In theory, if there were more cores, we would observe a linear increase in productivity. Unfortunately, it is not possible to verify the theory - there are not enough cores.

nginx, frankly, surprised - because in fact it is a ready-made, multifunctional, modular solution, and the results exceeded the highly specialized libraries by an order of magnitude. Respect

mongoose is still raw, version 5.0 is not run in and the branch is in active development.

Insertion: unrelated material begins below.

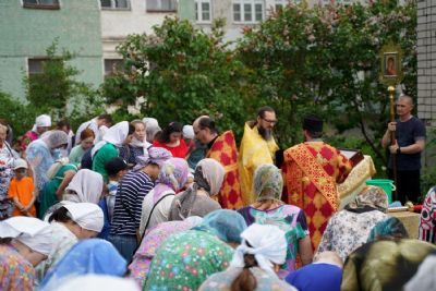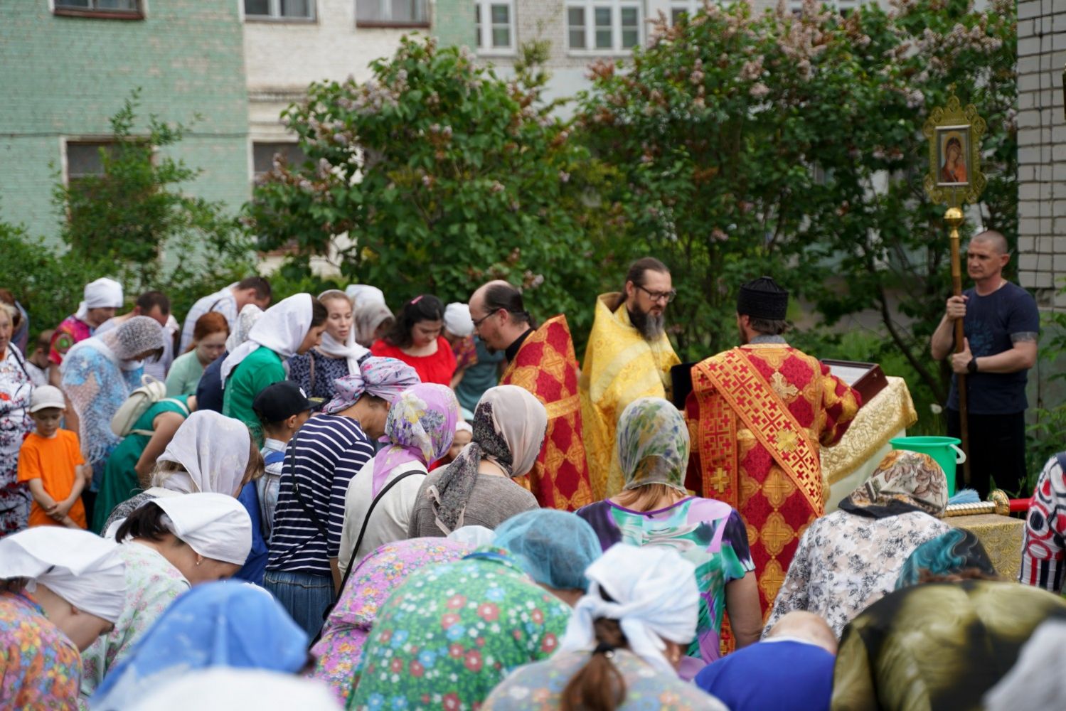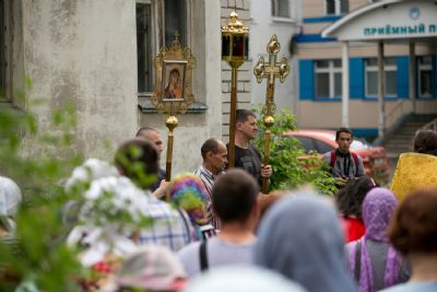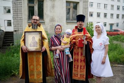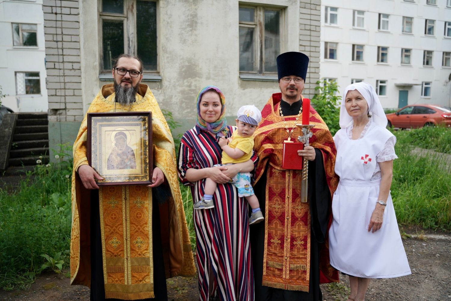 На территории Перинатального центра крестный ход встречал иерей Дмитрий Дьяков, ответственный за связь с общественностью, и сестра милосердия молебной комнаты данного учреждения Людмила Ямбердова. Был отслужен водосвятный молебен Феодоровской иконе Божией Матери, на котором вместе с крестоходцами молились и беременные женщины родильного отделения Перинатального центра. В крестном ходе приняли участие в том числе и семьи, получающие помощь в отделе социального служения епархии. После молебна детям из этих семей были разданы билеты на бесплатное посещение аттракционов в Парке культуры.

cpp-netlib showed the worst result. Not only did he not only support HTTP keep-alive connections, it also fell somewhere in the bowels of the boost, it was problematic to perform all iterations in a row. Definitely, the solution is raw, the documentation is outdated. Legitimate last place.

node.js already scolded here , I will not be so categorical, but the V8 is still sawed and sawed. What is this high-load solution that, even without a payload, so greedily consumes resources and gives out 10-20% of the performance of top testing participants?

HTTP keep-alive on / off: if in a post the difference reached x2 times, then in my tests the difference was up to x10.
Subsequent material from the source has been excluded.